*Aim of the exercise*. When you reach the line with "Libélula de plata", transcribe it and each line after it through the last one below, exactly. Pictures stay out.

-- Materials provided follows --

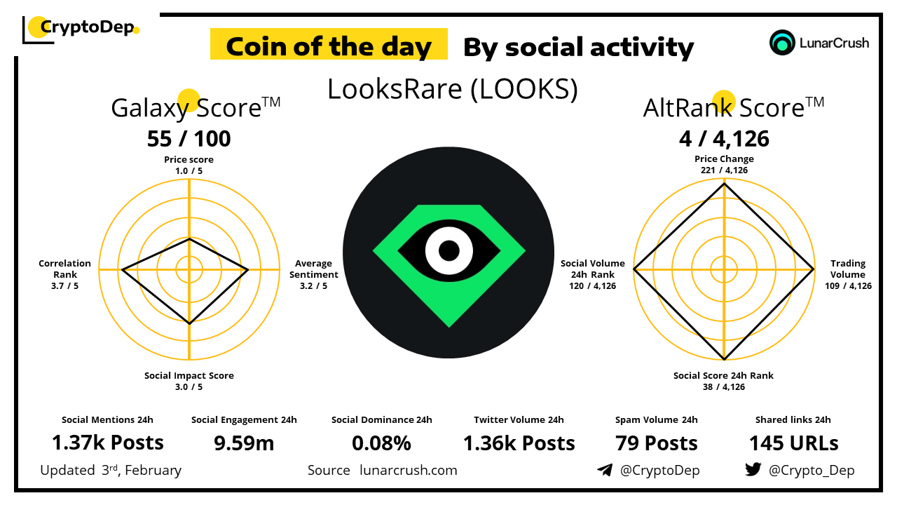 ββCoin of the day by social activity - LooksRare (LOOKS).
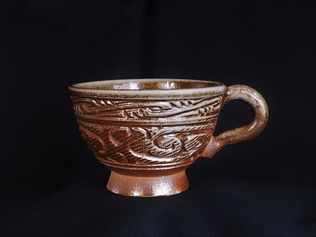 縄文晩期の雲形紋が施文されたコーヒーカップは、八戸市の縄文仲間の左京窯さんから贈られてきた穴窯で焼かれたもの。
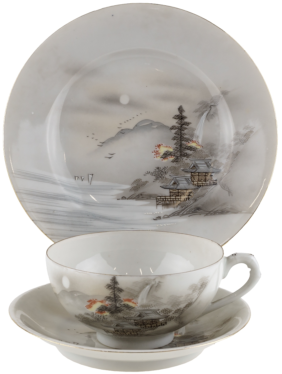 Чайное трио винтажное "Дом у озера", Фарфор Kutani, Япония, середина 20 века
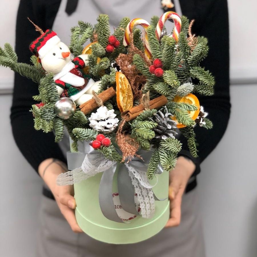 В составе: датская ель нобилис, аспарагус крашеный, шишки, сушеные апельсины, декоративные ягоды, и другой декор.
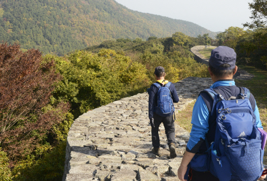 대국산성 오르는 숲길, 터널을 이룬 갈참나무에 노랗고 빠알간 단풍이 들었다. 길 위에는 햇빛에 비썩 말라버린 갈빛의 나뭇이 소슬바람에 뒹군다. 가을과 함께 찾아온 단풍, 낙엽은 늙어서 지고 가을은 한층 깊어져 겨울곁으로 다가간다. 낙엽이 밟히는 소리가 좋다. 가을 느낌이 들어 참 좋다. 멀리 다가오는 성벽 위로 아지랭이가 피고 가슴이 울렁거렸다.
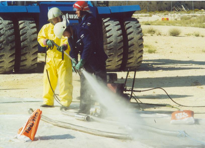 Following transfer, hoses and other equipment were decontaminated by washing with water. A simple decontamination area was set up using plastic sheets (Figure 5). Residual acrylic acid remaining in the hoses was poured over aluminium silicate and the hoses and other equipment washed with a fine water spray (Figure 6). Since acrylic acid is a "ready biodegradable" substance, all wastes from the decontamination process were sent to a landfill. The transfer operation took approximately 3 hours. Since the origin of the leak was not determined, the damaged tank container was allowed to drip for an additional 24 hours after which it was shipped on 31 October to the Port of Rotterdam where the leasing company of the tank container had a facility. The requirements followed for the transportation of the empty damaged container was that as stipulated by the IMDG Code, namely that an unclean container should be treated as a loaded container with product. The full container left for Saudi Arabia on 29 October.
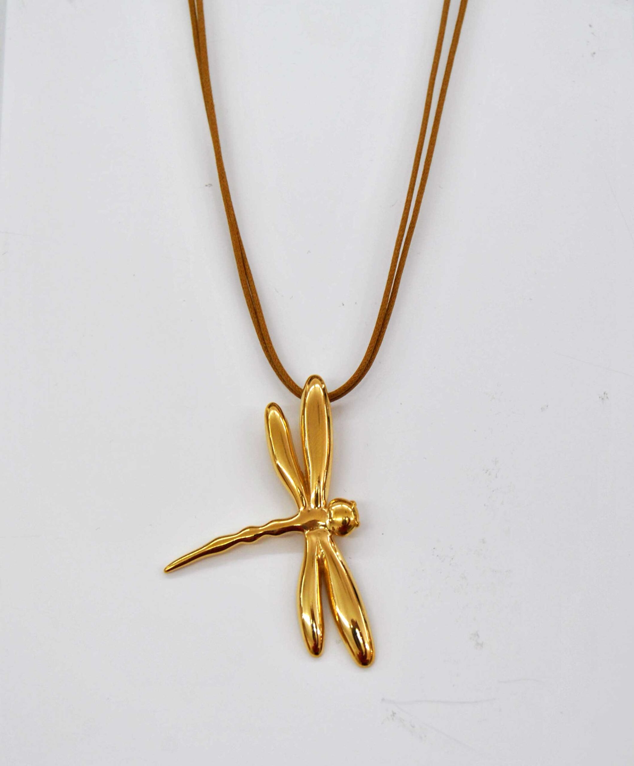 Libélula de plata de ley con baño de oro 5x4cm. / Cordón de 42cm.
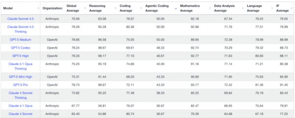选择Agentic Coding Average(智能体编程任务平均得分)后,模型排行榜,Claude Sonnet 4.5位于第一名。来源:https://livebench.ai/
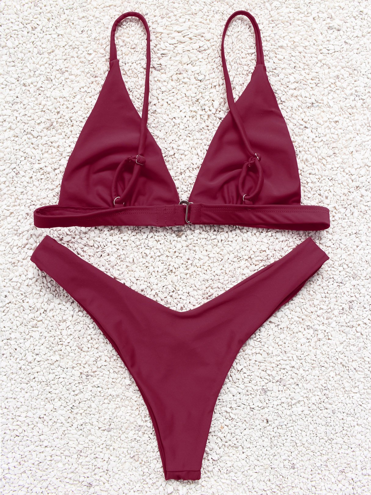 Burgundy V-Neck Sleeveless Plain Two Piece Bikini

-- Materials provided concluded --

*Exercise output*.
 Libélula de plata de ley con baño de oro 5x4cm. / Cordón de 42cm.
选择Agentic Coding Average(智能体编程任务平均得分)后,模型排行榜,Claude Sonnet 4.5位于第一名。来源:https://livebench.ai/
 Burgundy V-Neck Sleeveless Plain Two Piece Bikini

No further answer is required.